Effects of Deficit Irrigation, Rootstock, and Roasting on the Contents of Fatty Acids, Phytoprostanes, and Phytofurans in Pistachio Kernels

  • Jacinta Collado-González /
  • Marina Cano-Lamadrid /
  • David Pérez-López /
  • ángel A. Carbonell-Barrachina /
  • Ana Centeno /
  • Sonia Medina /
  • Isabel Griñán /
  • Alexandre Guy /
  • Jean Marie Galano /
  • Thierry Durand /
  • Raúl Domínguez-Perles /
  • Arturo Torrecillas /
  • Federico Ferreres /
  • ángel Gil-Izquierdo
Journal ar
Journal of Agricultural and Food Chemistry
  • Volumen: 68
  • Número: 33
  • Fecha: 19 agosto 2020
  • Páginas: 8915-8924
  • ISSN: 15205118 00218561
  • Tipo de fuente: Revista
  • DOI: 10.1021/acs.jafc.0c02901
  • Tipo de documento: Artículo
  • Editorial: American Chemical
Copyright © 2020 American Chemical Society.Pistachio (Pistacia vera L.) is a drought-Tolerant species grown under the semiarid conditions of the Mediterranean basin. For this reason, it is essential to make an exhaustive quantification of yield and quality benefits of the kernels because the regulated deficit irrigation will allow significant water savings with a minimum impact on yield while improving kernel quality.
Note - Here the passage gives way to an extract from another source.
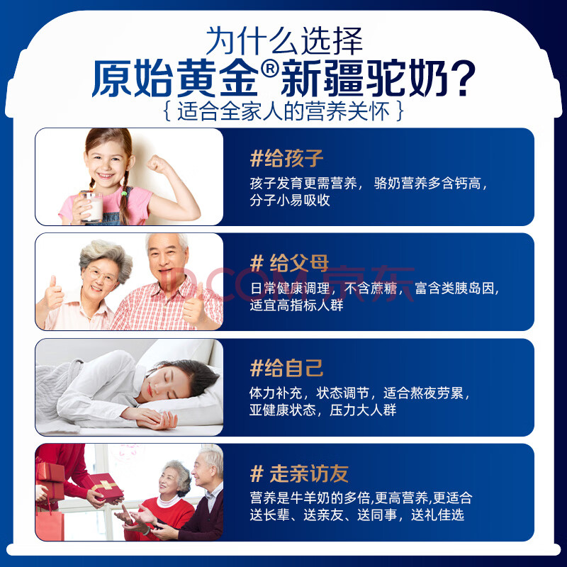 商品相册:原始黄金新疆骆驼奶粉330g*6罐益生菌无蔗糖驼乳粉高钙儿童成人正品礼盒第

The goal of this scientific work was to study the influence of the rootstock, water deficit during pit hardening, and kernel roasting on pistachio (P. vera, cv. Kerman) fruit yield, fruit size, and kernel content of fatty acids phytoprostanes (PhytoPs) and phytofurans (PhytoFs) for the first time. Water stress during pit hardening did not affect the pistachio yield. The kernel cultivar showed a lower oleic acid and a higher linoleic acid contents than other cultivars. Kernels from plants grafted on the studied rootstocks showed very interesting characteristics. P. integerrima led to the highest percentage of monounsaturated fatty acids. Regarding the plant oxylipins, P.Terebinthus led to the highest contents of PhytoPs and PhytoFs (1260 ng/100 g and 16.2 ng/100 g, respectively). In addition, nuts from trees cultivated under intermediate water deficit during pit hardening showed increased contents of the 9-series F1-phytoprostanes and ent-16(RS)-9-epi-ST- "14-10-phytofuran. However, roasting of pistachios led to PhytoP degradation. Therefore, plant cultivar, deficit irrigation, rootstock, and roasting must be considered to enhance biosynthesis of these secondary metabolites. New tools using agricultural strategies to produce hydroSOS pistachios have been opened thanks to the biological properties of these prostaglandin-like compounds linking agriculture, nutrition, and food science technology for further research initiatives.